Grace's Guide is the leading source of historical information on industry and manufacturing in Britain. This web publication contains 147,919 pages of information and 233,587 images on early companies, their products and the people who designed and built them.

Douglas James Dalgarno

From Graces Guide

James Dalgarno (1890-1944)


1946 Obituary [1]

Major DOUGLAS JAMES DALGARNO. I.E.M.E., was engaged for practically the whole of his professional career in India, where for twenty-seven years he was associated with the firm of Messrs. Marshall, Sons, and Company, engineers, of Gainsborough. He was born in 1890 and received his technical education at Robert Gordon's College, Aberdeen. After serving an apprenticeship under the late Mr. William Jackson and the late Mr. J. R. Dalgarno, of the same city, from 1905 to 1907, he received a further three years' practical training with Messrs. Marshall, Sons, and Company.

In 1910 he was appointed assistant engineer at Messrs. Marshall's branch in Calcutta and four years later was promoted to the position of manager of the Madras branch. On the formation of Messrs. Marshall, Sons, and Company (India), Ltd., in 1919, he joined the board and held the joint appointments of director and manager of the Bombay and Calcutta branches.

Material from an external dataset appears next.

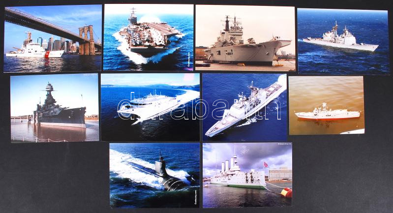 10db színes fotóprint modern hadihajókról, ill. egy hadihajómodellről, klf méretben /

From 1934 he was a director of Marshall's (Direction), Ltd., and was senior representative in India until he severed his connection with the firm in 1937.

During this long period his responsibilities included the establishment and organization of branches, and the general supervision of agencies for a wide range of engineering products. He was further concerned with the layout and installation of numerous industrial concerns. In 1938 he began a tour of India as representative for various British Engineering firms, but in 1940 he received a commission as captain in the Indian Auxiliary Forces, being later posted to the I.E.M.E., in which corps he was serving at the time of his death, which occurred at Delhi on 8th October 1944.

He was elected an Associate Member of the Institution in 1927.